== Description of the task ==
Reproduce each record exactly, but exclude every picture.

(Extracted records)
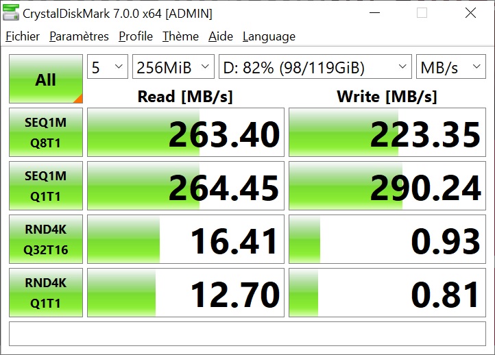 Débits max écriture 260 Mo/s
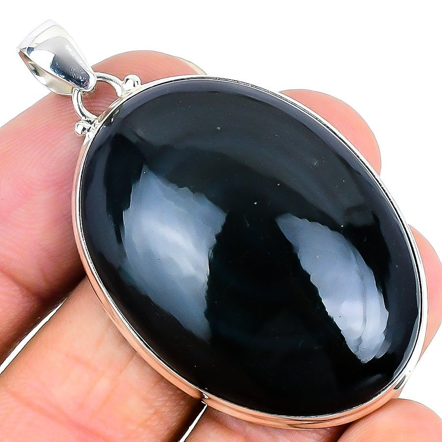 Throat Chakra Black Kyanite Stone Solid Sterling Silver Bezel Trendy New Pendant
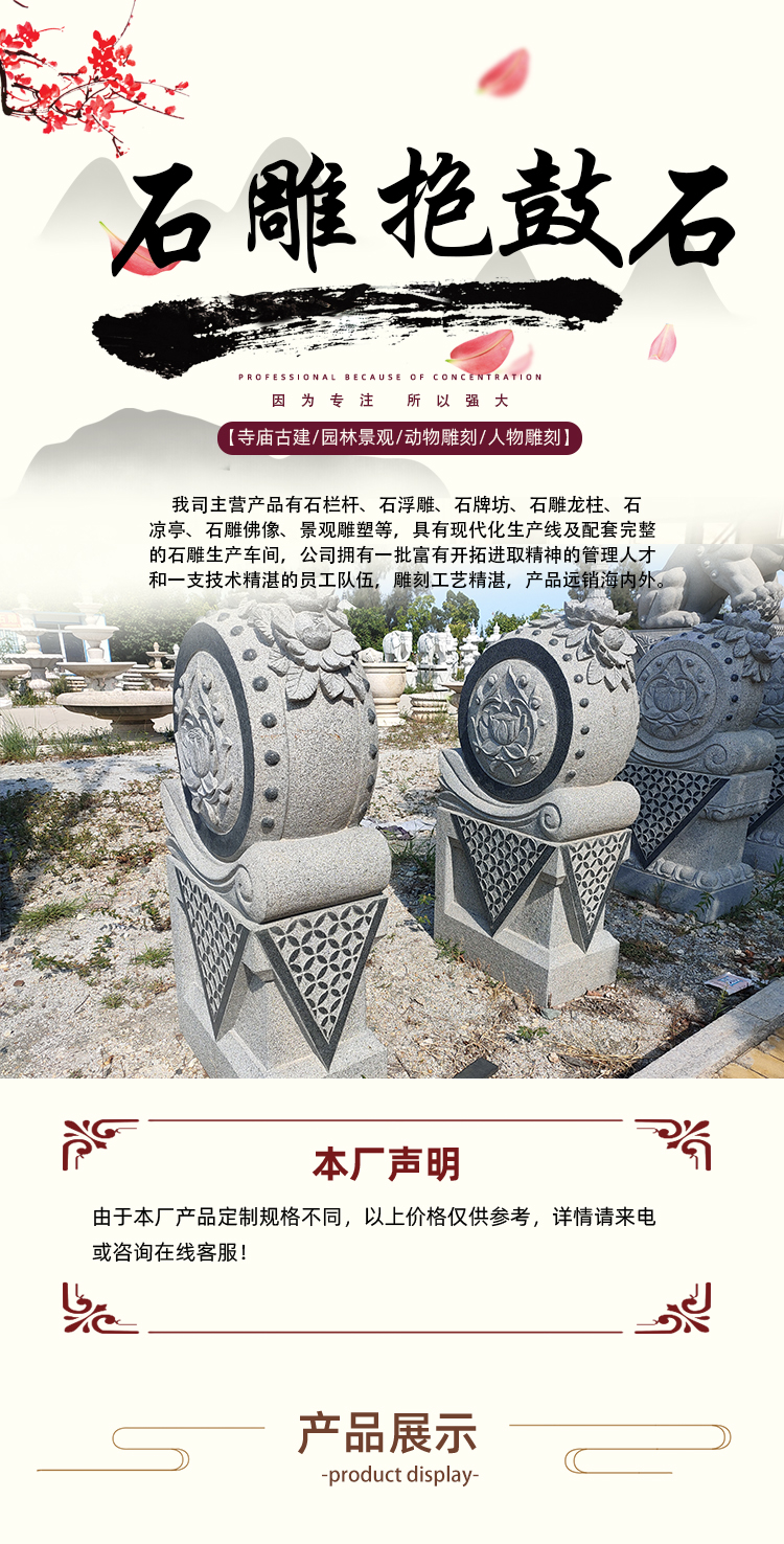 惠安县是福建省zhuming的石雕产地,拥有丰富的石材资源和悠久的石雕技艺,龙创石雕工艺有限公司深受当地传统文化的影响,融合现代工艺保持产品的艺术价值和实用性。
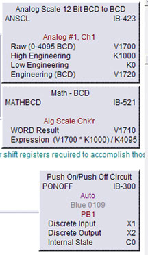 Another area of DirectSOFT that underwent major improvements is at the instruction level. There are 66 new instructions to make programming faster and easier. These new instructions, called IBoxes, are fill-in-the-blank programming blocks designed to consolidate repetitive programming routines such as configuring an analog module, creating an on delay/off delay timer, solving complex math problems, setting up a network configuration, and more. For example, to perform a calculation previously, you might have multiple math instructions like Load, Add, Subtract, Out, Pop, Divide, Outd and so on. With the new IBox instruction, you select an instruction based on the data type, specify the result location, then enter a formula just like you would using Excel® or other programming languages.
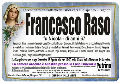 Le Esequie avranno luogo Domenica 15 Agosto alle ore 17:00 nella Chiesa della Madonna del Carmine.
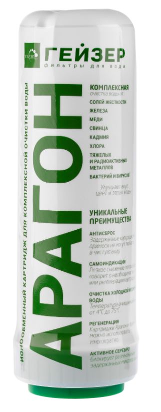 Ресурс картриджа до 7000 литров, а с учетом регенерации может достигать 25000 л. Арагон сам подсказывает, когда необходимо провести замену или регенерацию, благодаря свойству самоиндикации окончания ресурса – резкому уменьшению напора чистой воды.
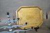 9931. Serveringsbricka mässing, bordslampa och ljusstake i trä, högsta höjd 51 cm

== Reply ==
 Débits max écriture 260 Mo/s
 Throat Chakra Black Kyanite Stone Solid Sterling Silver Bezel Trendy New Pendant
 惠安县是福建省zhuming的石雕产地,拥有丰富的石材资源和悠久的石雕技艺,龙创石雕工艺有限公司深受当地传统文化的影响,融合现代工艺保持产品的艺术价值和实用性。
 Another area of DirectSOFT that underwent major improvements is at the instruction level. There are 66 new instructions to make programming faster and easier. These new instructions, called IBoxes, are fill-in-the-blank programming blocks designed to consolidate repetitive programming routines such as configuring an analog module, creating an on delay/off delay timer, solving complex math problems, setting up a network configuration, and more. For example, to perform a calculation previously, you might have multiple math instructions like Load, Add, Subtract, Out, Pop, Divide, Outd and so on. With the new IBox instruction, you select an instruction based on the data type, specify the result location, then enter a formula just like you would using Excel® or other programming languages.
 Le Esequie avranno luogo Domenica 15 Agosto alle ore 17:00 nella Chiesa della Madonna del Carmine.
 Ресурс картриджа до 7000 литров, а с учетом регенерации может достигать 25000 л. Арагон сам подсказывает, когда необходимо провести замену или регенерацию, благодаря свойству самоиндикации окончания ресурса – резкому уменьшению напора чистой воды.
 9931. Serveringsbricka mässing, bordslampa och ljusstake i trä, högsta höjd 51 cm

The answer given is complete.